Пока она надеялась и блаженно улыбалась во сне, Делл мерял шагами тесное пространство капсулы, и на лице у него было выражение горького недоверия. Он понимал, что у него нет ни малейшего основания доверять кому-либо из них: ни генералитету, ни правительственным чиновникам, ибо его приговорили к смерти. А он и не доверял. Нет, теперь это было не просто недоверие. Это был гнев, уже более не подавляемый.
Он уже давно был разгневан — по целому ряду причин. Бремя недюжинного интеллекта, обаяния, усердия и удачливости лучшего среди равных и блестящего умом и лицом было лишь одной из причин. Были и иные, как и шок от серии внезапных атак, внутренних и внешних.
— Мы скоро будем заправскими костоправами, — объявил Пауэлл, закончив перевязку раненого Канеллиса.
— Как он?
— Он в порядке, майор. Не в лучшей форме, но вполне… Но о ком ты?
Фэлко расхохотался.
— Этот мерзавец должен радоваться, что жив остался, — заметил наемный убийца.
— А мы должны радоваться, что Дьякон не промазал.
— Верно, Ларри. Конечно, если бы у меня был контрактик, я бы его угрохал, — стал объяснять палач преступного мира. — Мне ведь никогда не платили за то, чтобы я ранил кого-то. Такого контракта у меня еще не было.
— Тебе бы надо было их обоих уложить! — рявкнул Шонбахер.
Чернокожий покачал головой.
От старого доброго Харви всегда можно услышать что-нибудь свирепое, он всегда поддержит беспричинное и неоправданно жестокое кровопролитие.
Старый добрый Харви, наверное, был грозой всех местных лягушек и кошек, когда ребенком бродил вокруг дома со своим скаутским перочинным ножичком.
— Они оба просто идиоты, — печально заметил Делл. — Безмозглые сопливые кандидаты в герои.

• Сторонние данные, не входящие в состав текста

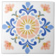 Eine quadratische Keramikfliese mit volkstümlichen botanischen Illustrationen. Jede Fliese zeigt ein symmetrisches Gartenmotiv – Lilien, wilde Beeren und wuchernde Ranken – in sanften Aquarelltönen. Das Kunstwerk ahmt eine handgemalte Glasur nach, mit beabsichtigten "ausgefransten" Kanten und einer subtilen rissigen Keramiktextur (Craquelé) für ein rustikales, traditionsbewusstes Gefühl.
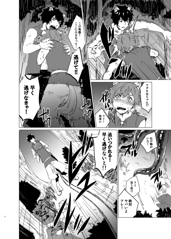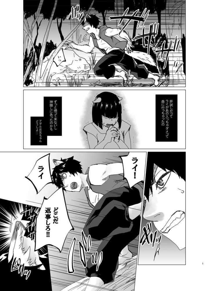 森から帰ってこないライを探しに行く獣人の青年アデル。
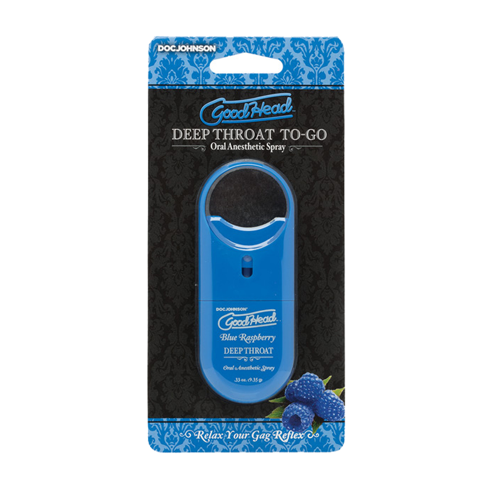 Go down with ease! GoodHead Deep Throat Numbing Spray travel-sized spray mildly numbs the back of the throat and suppresses the gag reflex to allow deep oral penetration without discomfort. This functional, flavorful spray is formulated for minimal medicinal taste and maximum effect in a variety of mouth watering flavors. Features: delicious throat desensitizer. Helps minimize gag reflex. Mild numbing agent. Freshens breath. Easy to use spray nozzle. Directions: spray into throat. One spray per use. Adults only. Warnings: allergy alert do not use this product if you have a history of allergy to local anesthetics such as procaine, butacaine, benzocaine or any other caine anesthetics. Active ingredient Benzocaine 5%. Proudly, made in America.
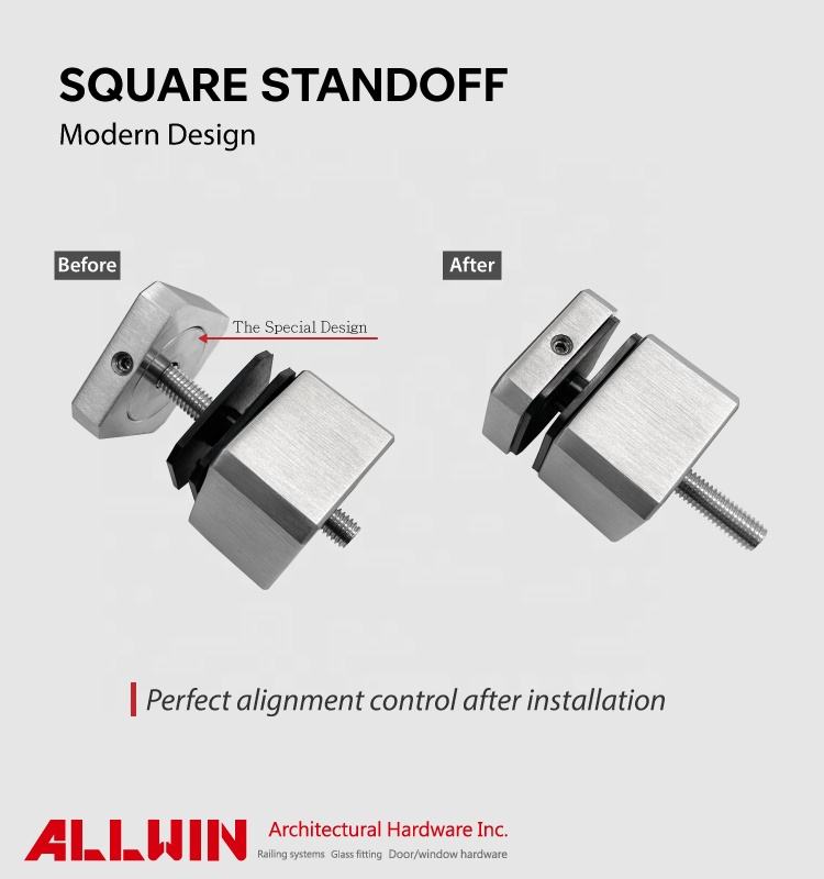 Modern 40x40mm Stainless Steel Square Glass Railing Standoff Glass Standoff Pin for Stairs Staircase

Боже, как же я всегда терпеть не мог эту породу! Харви, может быть, на сей раз прав.
И без всякой причины, без всякого логичного повода он вдруг на долю секунды представил ее лицо. Дайана, какая она была в самом начале. Красавица!
— Майор, если бы ты был одним из тех, что лежат там связанные, — осторожно начал Пауэлл, — что бы ты сделал?
— Я бы не…
— Майор, разве ты бы поступил не так же?
Теперь гнев Делла стал почти осязаем.
Гнев был не только во взгляде и в выражении лица.
Все его тело было охвачено яростью.
— Эй, Ларри, — хохотнул Фэлко, — Виллибой считает, что у тебя тоже есть задатки героя. Так что нечего тебе раздувать пары.
— Все мы должны быть героями перед очами Всевышнего, — торжественно пробубнил Хокси, — ибо День Страшного суда грянет. Я слышу глас трубы, возвещающий об армагеддоне.
— Старик, я ни хрена не слышу, — признался Фэлко. — Может, мое ухо настроено на другую волну. Я слышу Тони Беннета — ясно и четко.